The 15 times I forecast an oncoming slowdown in leading employment sectors

1. Last August: the simple tightening of the yield curve suggests a subsequent jobs slowdown

Four times during the 1980s and 1990s the difference in the interest yield between 2 and 10 year treasury bonds got about as low as it is now [Note: i.e., August 2018] (blue in the graphs below). That occurred in 1984, 1986, 1994, and 1998.

Even though on none of those 4 occasions a recession followed, on 3 of 4 of those occasions YoY employment gains … subsequently declined …

In other words, even if the Fed stops raising rates now [as of August 2018], and the yield curve does not get tighter or fully invert, my expectation is that monthly employment gains will decline to about half of what they have recently been — i.e., to about 100,000 a month — during the next year or so.

2.  In January, discussing The consumer nowcast and economic forecast

Keep an eye on these three areas (new orders, temp hiring, and new jobless claims). If these turn outright negative, that will be a very strong sign that poor public policy is causing what otherwise would just be a slowdown to tip all the way into recession.

Unsurprisingly, building permits lead construction employment. The lead time between the former turning negative YoY vs. the latter has varied between 5 and 23 months, but usually has been between 10 and 14 months. Currently, with the exception of one month, permits have been negative YoY since August.

[C]onstruction employment has usually turned down YoY before a recession….

4.  Saying to also watch manufacturing jobs in the January jobs report

The number of manufacturing jobs themselves has also turned down in advance of recessions ever since 1974.

…the absolute number of manufacturing jobs reliably decelerates from peak before a recession begins, and usually declines, even if the YoY change does not turn  negative.

At present, while the manufacturing work week has declined in recent months, the absolute number of manufacturing jobs has not followed.

The second conclusion, building on my last post concerning construction jobs, is that with the sole exception of the oil shock of 1974, no recession has ever started without at least one of the two – construction or manufacturing jobs – having moved down first.

5. I followed that up with a post showing how manufacturing, construction, and temporary jobs have led the overall jobs numbers prior to each of the last three recessions, including the following three graphs .

1989-90
2000-01
2006-07

If the poor December ( retail sales) number isn’t revised away, or reversed by a big gain in the next months’ report, this portends a significant deceleration in jobs growth in the monthly employment reports over about the next 6 months.

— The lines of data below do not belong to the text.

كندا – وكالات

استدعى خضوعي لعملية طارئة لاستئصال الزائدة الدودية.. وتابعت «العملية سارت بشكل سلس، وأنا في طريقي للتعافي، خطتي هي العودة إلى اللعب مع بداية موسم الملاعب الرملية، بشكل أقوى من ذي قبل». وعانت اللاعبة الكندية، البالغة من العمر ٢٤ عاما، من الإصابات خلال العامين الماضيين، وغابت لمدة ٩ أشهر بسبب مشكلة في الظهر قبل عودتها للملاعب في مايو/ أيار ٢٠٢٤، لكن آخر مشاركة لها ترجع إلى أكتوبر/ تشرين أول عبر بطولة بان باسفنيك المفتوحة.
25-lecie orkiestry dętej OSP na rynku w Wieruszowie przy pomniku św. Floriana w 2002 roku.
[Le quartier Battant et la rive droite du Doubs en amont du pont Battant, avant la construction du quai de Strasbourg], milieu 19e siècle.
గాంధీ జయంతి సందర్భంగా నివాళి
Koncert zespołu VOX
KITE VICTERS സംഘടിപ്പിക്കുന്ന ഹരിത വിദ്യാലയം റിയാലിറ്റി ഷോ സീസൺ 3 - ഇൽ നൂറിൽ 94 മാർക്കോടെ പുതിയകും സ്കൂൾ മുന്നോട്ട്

All of which makes me think that the deceleration of temp jobs in the monthly report for the last three months, … hasn’t just been noise, but – while still positive – is demonstrative of real weakness.

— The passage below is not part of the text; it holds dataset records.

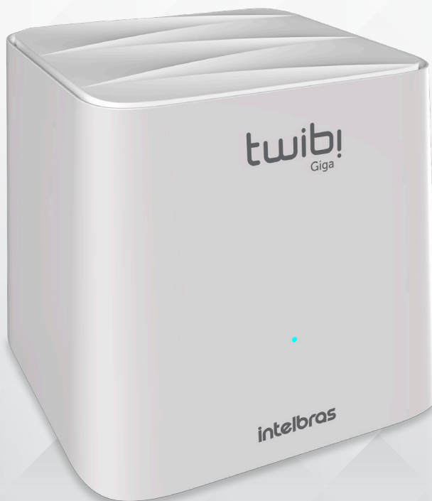
Roteador wireless Mesh
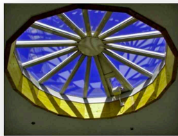
Das Dach über der zentralen Halle
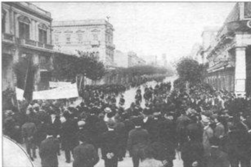
Imagen 5. 1º de Mayo de 1919. “Aspecto que ofrecía la Avda. 18 de Julio durante la manifestación obrera”.

En los pequeños establecimientos, en los talleres industriales y en la creciente concentración de trabajadores ferrocarrileros y portuarios se empezó a desarrollar un movimiento obrero que ya en 1890 tenía importantes organizaciones sindicales –en esta etapa, fundamentalmente a través de sociedades de resistencia “por oficio”–, y órganos de prensa, participando de movilizaciones internacionalistas como las del Primero de Mayo. Principalmente existieron dos grandes vertientes ideológicas en el movimiento obrero: la anarquista, que llegó a constituir una Federación (Federación Obrera Regional Uruguay) y ejercer una mayor influencia en las dos primeras décadas del siglo XX, y la socialista, de definición marxista. Asimismo, surgió una corriente social cristiana, que proponía un espacio sindical diferenciado de las corrientes revolucionarias. 9 Resulta interesante señalar que no pocos destacados intelectuales uruguayos simpatizaron rápidamente con estas corrientes ideológicas y pronto fueron construyendo una serie de expresiones “contestatarias” y “alternativas al sistema”, muy ricas y originales en algunos casos y de extraordinario peso hasta hoy día en la cultura nacional. Se encuentra aquí el origen de las “izquierdas”, que desde entonces han sido un componente fundamental de la experiencia social uruguaya.

The bottom line is that almost all of the other economic data has been validating the “slowdown” forecast I made beginning last summer, and I expect employment to follow — and temporary jobs will probably lead the way.

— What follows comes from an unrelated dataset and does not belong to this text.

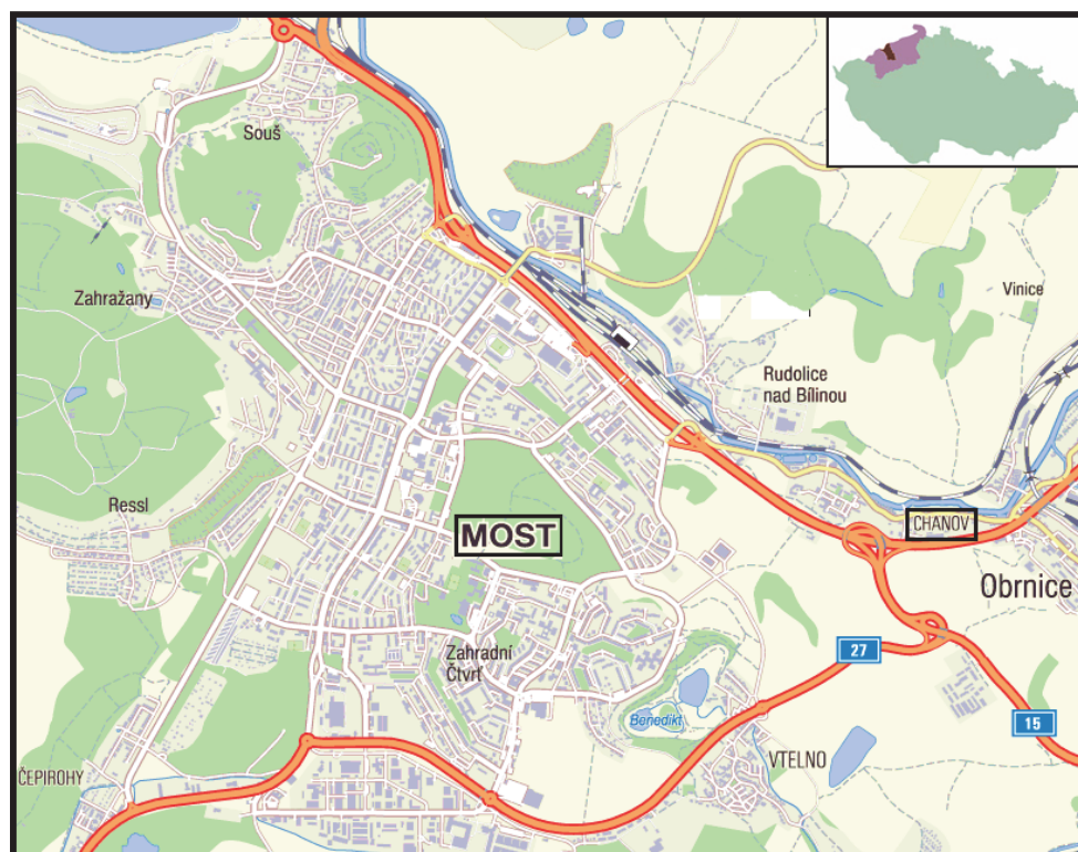
Obrázek 2 | Lokalizace Mostu a Chanova

Tomorrow I am looking for continued gains in both manufacturing and construction, but a cooling in manufacturing vs. continued trend growth to a slight deceleration in construction.  In both cases this means gains of less than 30,000, and possibly as low as 5,000. Because the economy is slowing, and this should show up in jobs numbers, if there is a surprise in either or both, it will likely be to the downside.

Finally, I expect YoY overall jobs growth to begin to decelerate from its peak last month:

this month’s report actually went beyond taking back January’s report. The YoY change in construction, manufacturing, and total jobs for the last two months combined are all lower than they were in December.

In summation, I suspect this month marked the first month in which the economic slowdown showed up in the jobs report.

The bottom line is that, even averaging January with February, all of the leading employment indicators show some deterioration, but none of them are at a point where I would expect them to be if a recession were imminent.

…Even if the Fed starts to lower rates soon, I strongly suspect that January was the YoY peak in employment, and we have started down the road to roughly 100,000/month employment gains – if not worse – later this year.

After the 2015-16 shallow industrial recession, the growth in temp jobs picked up decently. But in the last four months, only about 2250 temp jobs per month have been added. I am looking for this decelerating trend to continue, and the decline in the Staffing Index indicates we shouldn’t be surprised if there is an outright loss in temp jobs in the report on Friday.

15. Pointing out that A tight or inverted yield curve has always led to a stall or downturn in goods-productions jobs, in the context of what to watch for in the March jobs report:

Note that in *every* case that the interest rate spread has inverted, or just decreased to nearly zero, within about 18 months YoY growth in goods-producing jobs has declined to less than 0.5%, and usually outright declined. That translates to an annual pace of not more than 7000 goods producing jobs a month. By contrast, in the past several years at least 20,000 goods productions jobs have been addedvirtually every month …

So if history is a guide, a sharp slowdown in goods producing jobs growth should begin  very soon, if not having already begun in February.

To the graphs:  the jobs reports in the last three months have borne out my forecast for a deceleration or decline in the leading semployment sectors

First, here is a m/m graph of manufacturing, construction, and temporary jobs, all of which are leading sectors for jobs as a whole:


In the past three months, all three have faltered, with decelerating or outright declines in jobs. Note how similar this looks to the trend in the three pre-recession graphs of these sectors I posted under article #5 above.

Here is the YoY look at the same three sectors, showing that all three have decelerated substantially:

On a six month basis, temporary jobs are up by 500 out of 3 million! Here are the quarterly numbers, showing that Q1 of this year marked the first decline, aside from the downturn of 2015-16, since the end of the Great Recession:

By the way, if you don’t believe me that temporary jobs are a leading sector for jobs overall, then how about University of Oregon Professor Tim Duy, who wrote in connection with Freiday’s report that it contained “A Hint of Weakness;”

 On the surface, this is another “Goldilocks” report – strong job growth, low and steady unemployment and nothing in the wage data to support inflation concerns. A hint of weakness, however, is visible in the temporary help numbers:

Next, here are goods-producing jobs (which include but are not limited to manufacturing and construction). Last week I wrote that I expected these to slow down to a rate of +7000/month. In the past two months, there was a loss of -28,000 in February, followed by a gain of +12,000 in March:


Here is the YoY look:


The last two months average to -8,000 per month.

Next, here is the YoY% change in nonfarm payrolls, showing a deceleration in the past two months:


This is as I forecast.
Here is a comparison of YoY changes in nonfarm payrolls as measured b the establishment report vs. jobs as measured by the household report:

What is noteworthy is that, at turning points, it appears to be the case that the household report gives warning first. in that regard, this past month was one of the worst 4 months in the past 9 years:

Finally, here is a graph of the quarterly changes in employment since the beginning of 2018.  Jared Bernstein, who is convalescing from a stroke, typically compares the 3-, 6-. And 12-month average in employment growth to show the trend:


Here are the numbers:

3 month average: 205,000
6 month average: 208,000

12 month average: 219,000

This shows a slow decline in the job growth trend overall.

In sum, for three months I have been pounding the table to watch the leading sectors of manufacturing, construction, and temporary jobs.  The three months since, including Friday’s jobs report, give every appearance of heralding the jobs slowdown I have been forecasting.